I don't agree with this. If dh sat me down and said he thought I was cheating and his evidence was 'I didn't hear your alarm and the news said the accident happened later than you were gone'

Then asked to see my phone to prove myself. I wouldn't be ok that.

hellsbellsmelons · 11/12/2015 09:40

Why not?
If you've got nothing to hide why wouldn't you want to put your partners fears to rest. What could possibly be on your phone that you don't want to share with your life long partner?

If my OH said this I'd be more than happy to show him my phone.
But he knows my password anyway and can check when ever he wants.
It just does not bother me. I know his as well.

Sallyingforth · 11/12/2015 09:49

You need to talk about it.
If you can't have an open discussion about it then that is a problem in itself.
Keeping your suspicions to yourself will not resolve anything, and there may very well be an innocent answer.

Permanentlyexhausted · 11/12/2015 10:15

I agree with Enjolrass.

It wouldn't work to solve things anyway. If you're already so suspicious of your partner that you demand to see their phone because you don't think you can trust them simply to tell you the truth, then even if you find no evidence on their phone that isn't going to lay those fears to rest. You'll just start to imagine that they've been clever enough to cover their tracks.
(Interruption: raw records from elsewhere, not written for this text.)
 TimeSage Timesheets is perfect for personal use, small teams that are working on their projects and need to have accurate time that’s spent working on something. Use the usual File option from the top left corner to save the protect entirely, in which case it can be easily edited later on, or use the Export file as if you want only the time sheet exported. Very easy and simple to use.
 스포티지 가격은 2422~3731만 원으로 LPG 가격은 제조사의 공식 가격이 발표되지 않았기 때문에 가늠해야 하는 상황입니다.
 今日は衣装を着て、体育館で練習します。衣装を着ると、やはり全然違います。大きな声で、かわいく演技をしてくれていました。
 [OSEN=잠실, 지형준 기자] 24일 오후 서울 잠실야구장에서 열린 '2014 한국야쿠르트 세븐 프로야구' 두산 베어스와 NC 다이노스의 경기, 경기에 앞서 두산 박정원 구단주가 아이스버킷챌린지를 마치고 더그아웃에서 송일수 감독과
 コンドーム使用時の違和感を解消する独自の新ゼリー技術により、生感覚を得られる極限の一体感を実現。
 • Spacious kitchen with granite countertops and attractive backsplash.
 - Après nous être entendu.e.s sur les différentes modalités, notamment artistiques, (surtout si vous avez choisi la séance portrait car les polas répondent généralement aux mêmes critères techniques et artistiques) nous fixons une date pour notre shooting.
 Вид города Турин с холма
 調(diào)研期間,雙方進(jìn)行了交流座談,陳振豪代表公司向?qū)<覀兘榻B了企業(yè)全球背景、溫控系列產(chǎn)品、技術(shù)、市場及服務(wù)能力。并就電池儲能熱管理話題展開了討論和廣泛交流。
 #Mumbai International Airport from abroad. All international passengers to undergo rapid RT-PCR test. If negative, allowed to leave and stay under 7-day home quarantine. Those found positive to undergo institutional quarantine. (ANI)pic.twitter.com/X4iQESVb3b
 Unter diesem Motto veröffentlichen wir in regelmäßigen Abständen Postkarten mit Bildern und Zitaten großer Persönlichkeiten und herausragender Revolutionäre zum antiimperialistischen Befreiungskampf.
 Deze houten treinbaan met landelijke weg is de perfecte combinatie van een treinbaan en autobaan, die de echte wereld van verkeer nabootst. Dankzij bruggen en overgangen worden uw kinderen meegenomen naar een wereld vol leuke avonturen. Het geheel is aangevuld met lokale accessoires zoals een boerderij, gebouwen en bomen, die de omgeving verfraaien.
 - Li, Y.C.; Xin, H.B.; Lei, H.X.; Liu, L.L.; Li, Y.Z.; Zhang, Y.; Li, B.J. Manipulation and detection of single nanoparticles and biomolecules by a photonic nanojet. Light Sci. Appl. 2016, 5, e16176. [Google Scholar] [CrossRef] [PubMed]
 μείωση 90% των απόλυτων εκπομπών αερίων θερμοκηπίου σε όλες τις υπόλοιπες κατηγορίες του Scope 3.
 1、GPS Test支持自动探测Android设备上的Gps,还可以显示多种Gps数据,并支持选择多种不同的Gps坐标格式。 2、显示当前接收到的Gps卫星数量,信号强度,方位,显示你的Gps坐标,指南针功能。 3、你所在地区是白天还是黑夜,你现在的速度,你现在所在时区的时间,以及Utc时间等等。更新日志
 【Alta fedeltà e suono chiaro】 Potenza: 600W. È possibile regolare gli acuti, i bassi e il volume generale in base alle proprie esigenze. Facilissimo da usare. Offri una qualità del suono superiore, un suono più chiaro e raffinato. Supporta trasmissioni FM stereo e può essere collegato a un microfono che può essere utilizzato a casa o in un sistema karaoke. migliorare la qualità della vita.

He's either telling the truth or he had a massive stroke of luck that there really was an incident at the moment he needed one to cover his tracks.

trufflehunterthebadger · 11/12/2015 10:17

dh and i are police, we are both chronic "hangers about" at the end of a shift. it would be quite feasible for dh to have technically finished but be chatting and then end up getting involved with something and booking back on duty.

presumably you can tell from his overtime payment ?

trufflehunterthebadger · 11/12/2015 10:20

soz just realised he is retained so my advice is useless.

do you know anyone at the station that you could ask ?

WMittens · 11/12/2015 10:59

I hadn't heard his alarm which I usually do when he gets a call.

... but his alarm hasn't woken me yet it's woken me every time it's gone off in the past ten years.

we have a young baby

Maybe you're more tired than you have been over the past 10 years due to now having a young baby, so are sleeping through the alarm?

beefthief · 11/12/2015 11:12

hellsbellsmelons - can you not see how it's a little insulting to be told that your partner has drawn a conclusion on some slightly flimsy evidence, in a high-stress, low-sleep stage of their life, and are now asking you to PROVE that you're not up to no good?

hellsbellsmelons · 11/12/2015 11:39

No I really can't.
If he's got nothing hide why wouldn't he help her in this situation?
You've outlined the fact she may well have high stress and little sleep so just be understanding and put her mind at rest.
That's what anyone should do for a loved one! NO????